On the other end, restaurant owners who were able to receive any type of funding are just grateful they were able to get some help. 

“As help started coming in from the government from PPP or other grants, that helped out tremendously,” said Nigel Clark, owner of Juiced Up Juice Bar in Hartford. “Trying to sustain employees as well as trying to keep doors open with a tremendous reduction of foot traffic, it really helped to ease the burden.” 

Clark explained that the criteria behind applying for the RRF were so difficult that he is unsure about the exact funding his establishment may receive.

“Just trying to get the loan was a hurdle,” Clark said. “These were hours upon hours of phone calls, follow up phone calls and paperwork submissions, I couldn’t possibly do it by myself. I applaud anyone who not only ran a business, but tried to apply for these loans because they were not easy to apply for.” 
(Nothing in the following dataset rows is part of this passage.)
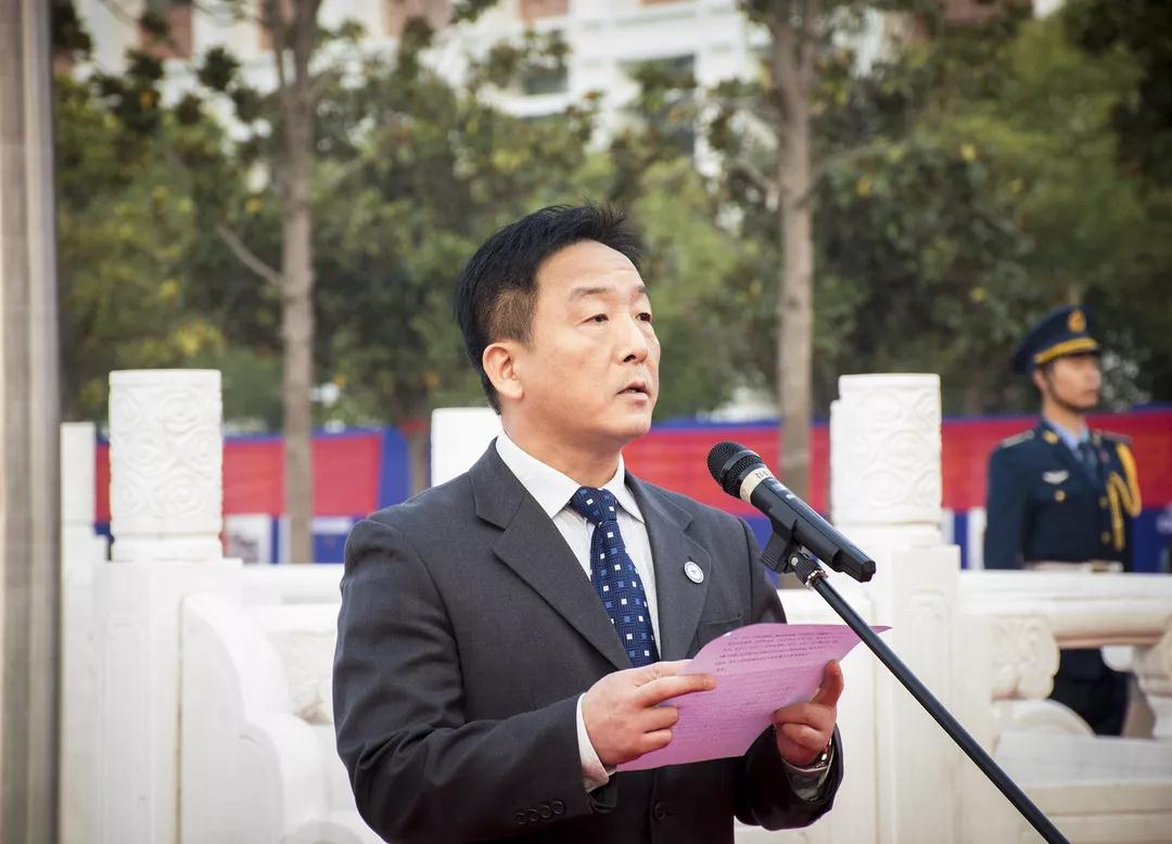 党委副书记石培哲在升旗仪式上讲话。他说:“七十年前,伴随着天安门广场缓缓升起的五星红旗,与共和国同龄的郑州航院诞生了。从此郑航便始终与祖国、与人民同呼吸共命运。”他发出倡议,我们要向伟大的祖国致敬,是祖国铸就了郑航人竭诚奉献的爱国品质和航空报国的使命担当;要向广大校友致敬,是他们在各行各业建功立业,为母校增光添彩,共同雕刻出坚守向上的郑航人群像;要向一代代教职工致敬,他们心向学校发展、心系学生成才,把心血和汗水都抛洒在郑航这片热土,做出了不可磨灭的贡献;要向社会各界致敬,郑航的每一次发展都离不开各级领导、社会各界的支持与帮助,创业维艰的过去离不开,凝心聚力的今天离不开,攻坚克难的未来更离不开!他号召全校师生要不忘初心、牢记使命,意气风发,斗志昂扬,为早日把我校建成高水平特色骨干大学再谱新章!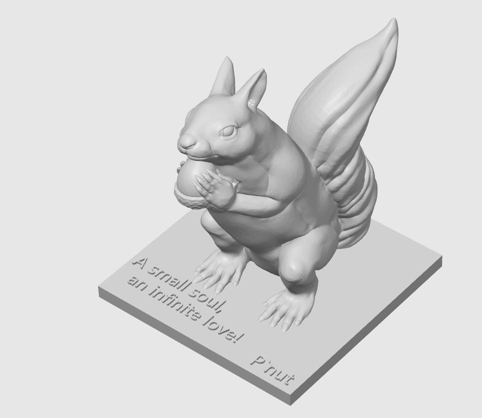 This 3D sculpture is a heartfelt tribute to P’nut, a beloved squirrel who was taken too soon. Crafted with care, this piece captures her playful spirit and the love she brought to those who cared for her. It can be customized with a personal message, keeping her memory alive and showing support and love for her.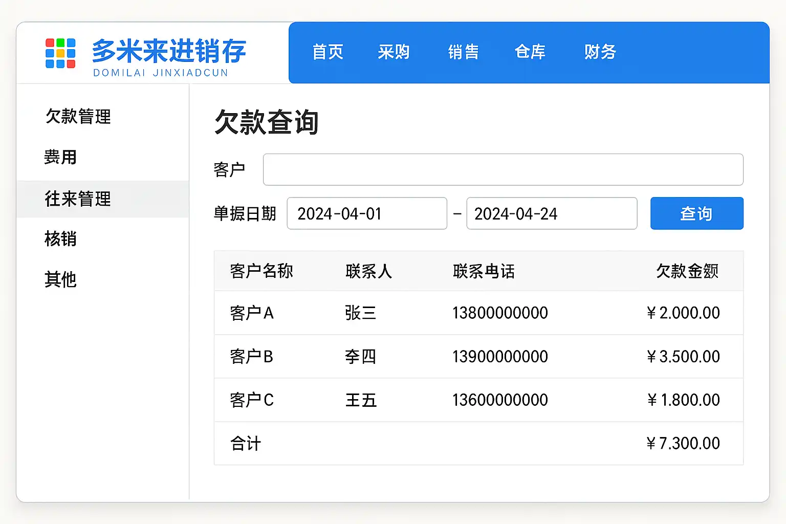 多米来进销存系统中如何快速查询客户欠款?
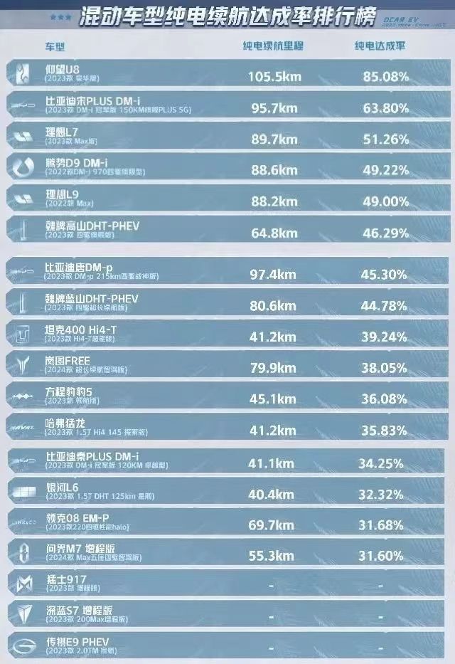 12月,懂车帝举办了一场声势浩大的新能源汽车极限环境冬测,测试了-40℃左右严寒情况下的混动车型纯电续航达成率,其中,比亚迪仰望以85.08%的续航达成率排名第一,华为、赛力斯联合打造的问界M7增程版倒数第一,只有31.6%。

On the other end, other businesses felt that applying for the diminishing fund would pose a burden for their restaurant moving forward, especially given the odds of receiving relief. 

James Green, owner of Papa’s Wings & Seafood in East Haven, said that the business was still affected by the pandemic despite being structured as a takeout establishment. However, Green said he was weary of applying for the fund due to personal concerns of being a small and local business.

“One thing people fail to understand is that as a small business and not a part of a corporation, they always want you to sign a dotted line,” Green said. “You’re fighting for your own personal reasons and now you all of a sudden have this credit debt on your back.” 

Green said he would not apply for the grant moving forward despite it being a helpful tool for many other restaurants. 

“At the end of the day, if the business does not work like it should work, I don’t want all of this outstanding debt that really wasn’t for me and was for the business,” Green said. 

Eligible establishments that meet the application standards are encouraged to continue to apply for the funding until the portal closes next week and should visit the online award portal

Until then, the association is trying to help as many businesses as it can. 

“I’m hoping that the next few weeks brings good news,” Dolch said. “But at the same time, I also know that there are probably well over 150,000 applicants across the country that right now without any additional funding will not receive a thing.”